▶ EXERCISE DESCRIPTION:
An exact copy is the goal: every line from the one containing "Oak FurnitureLand - EZRA" to the end of the material below, pictures excluded.

▶ INFORMATION SHOWN:
▬▬▬▬▬▬▬▬▬▬

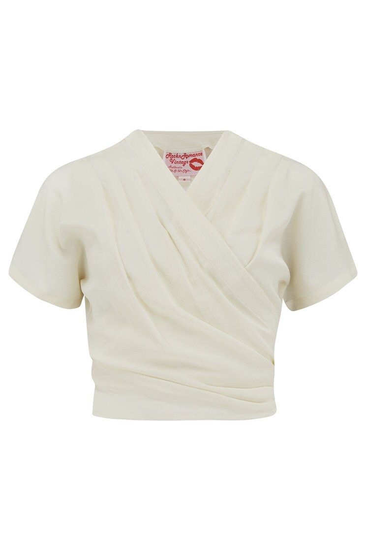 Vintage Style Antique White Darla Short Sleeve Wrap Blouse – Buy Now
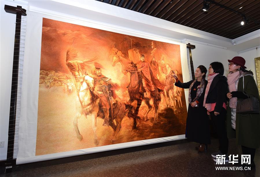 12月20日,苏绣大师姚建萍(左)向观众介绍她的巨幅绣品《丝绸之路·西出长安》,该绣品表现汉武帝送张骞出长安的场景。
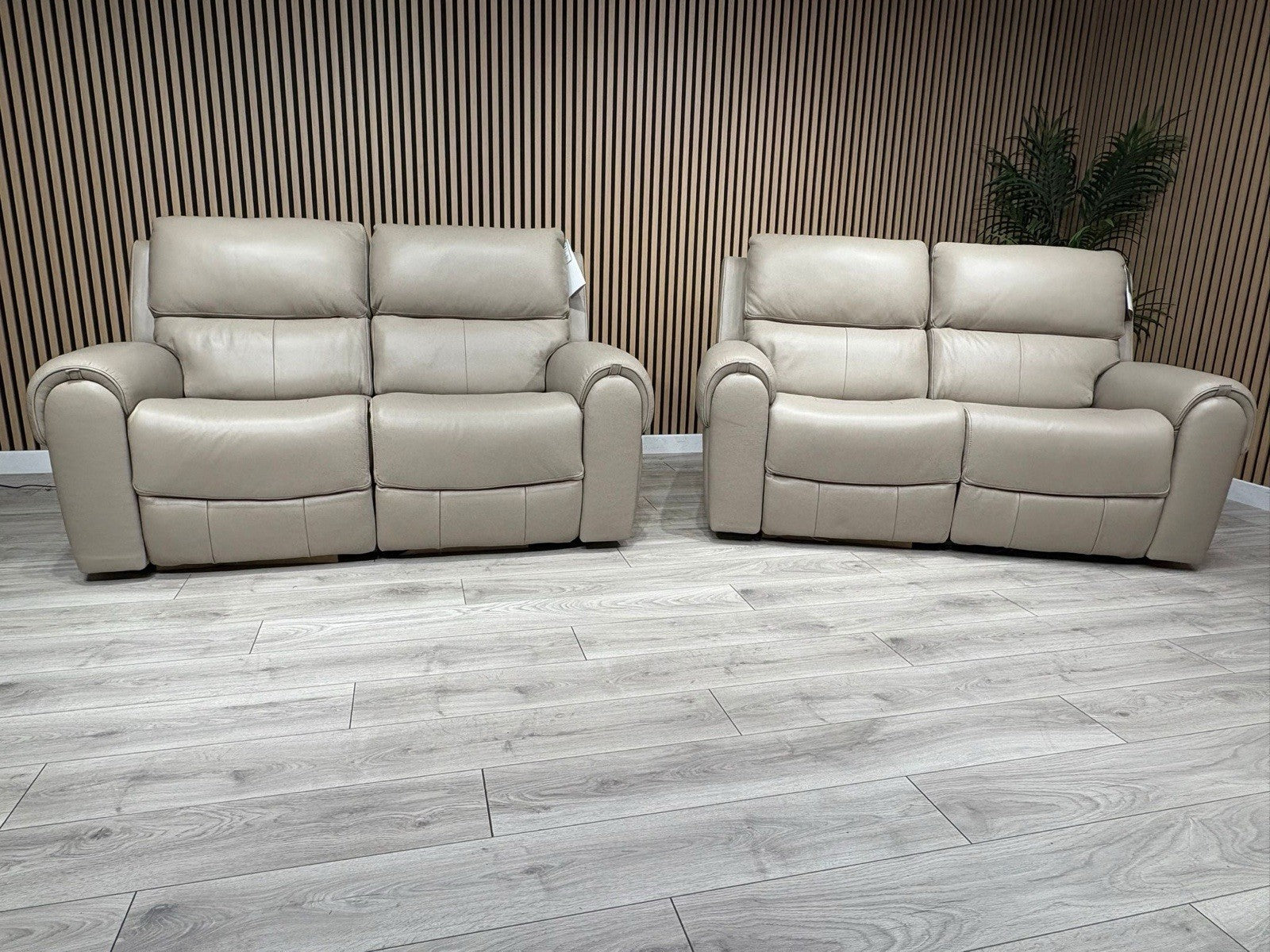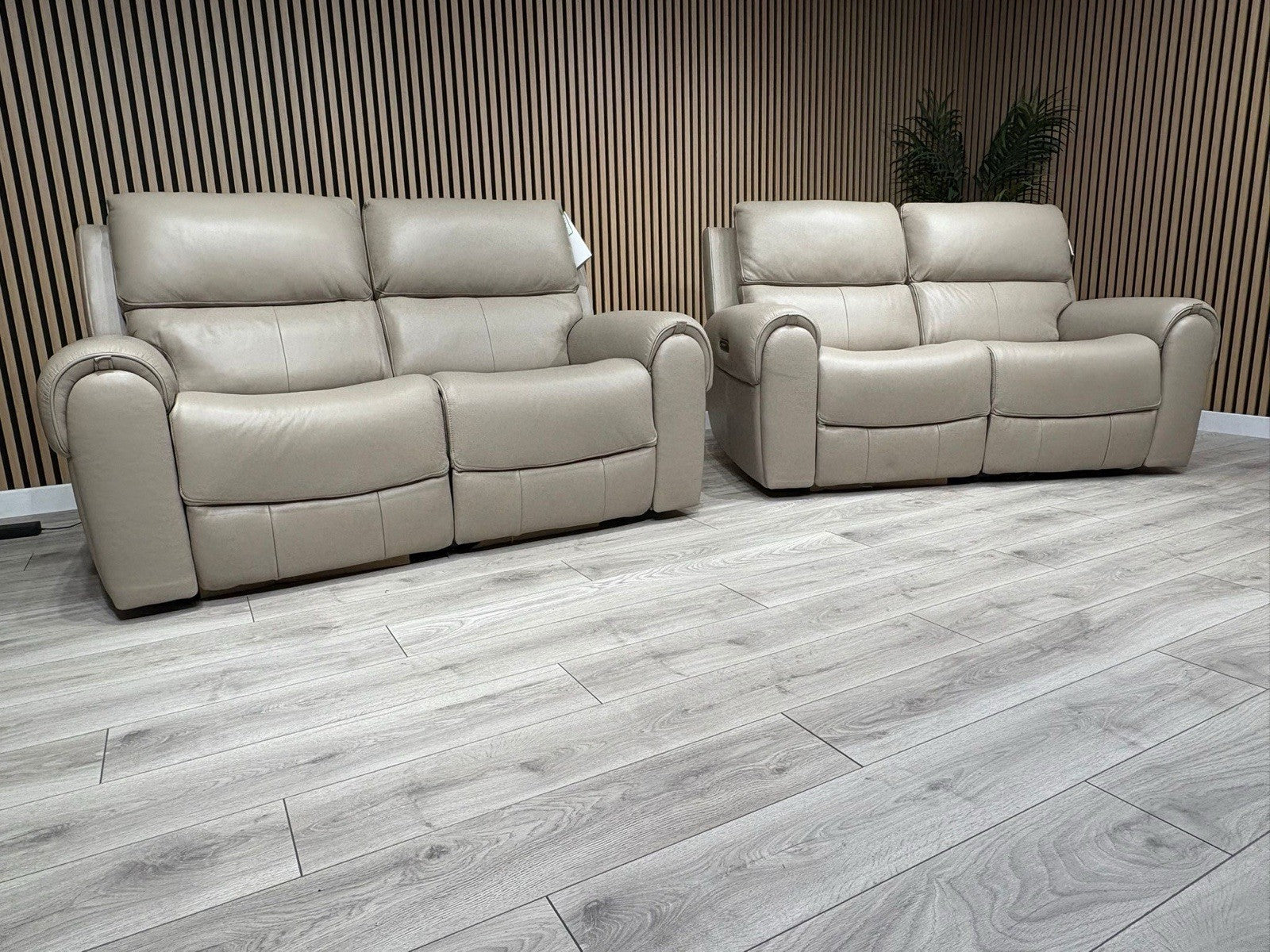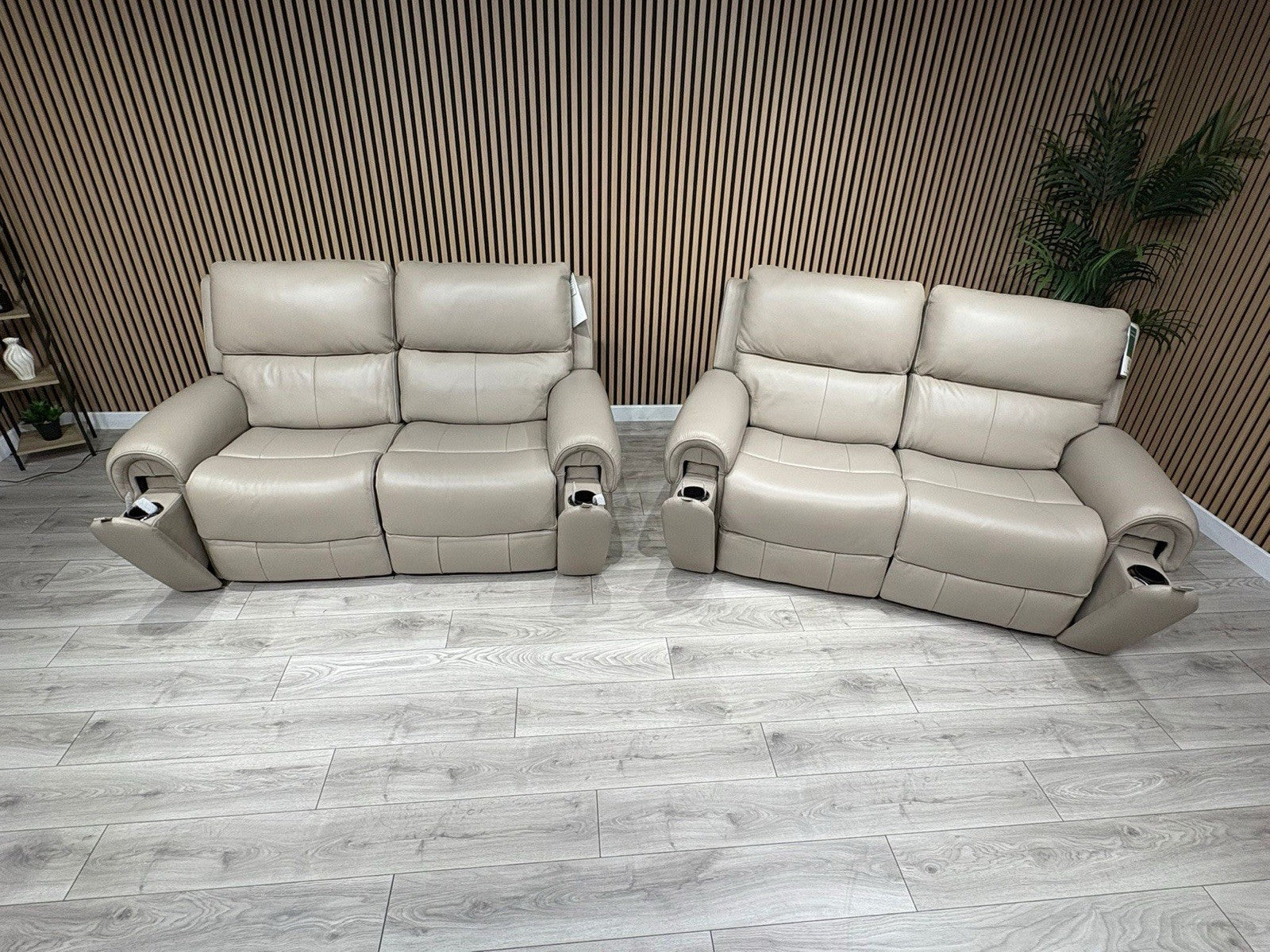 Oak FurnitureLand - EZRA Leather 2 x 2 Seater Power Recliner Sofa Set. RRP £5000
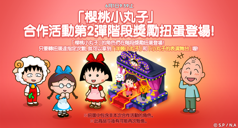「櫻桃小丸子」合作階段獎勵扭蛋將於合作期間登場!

▬▬▬▬▬▬▬▬▬▬

▶ FINAL ANSWER:
 Oak FurnitureLand - EZRA Leather 2 x 2 Seater Power Recliner Sofa Set. RRP £5000
「櫻桃小丸子」合作階段獎勵扭蛋將於合作期間登場!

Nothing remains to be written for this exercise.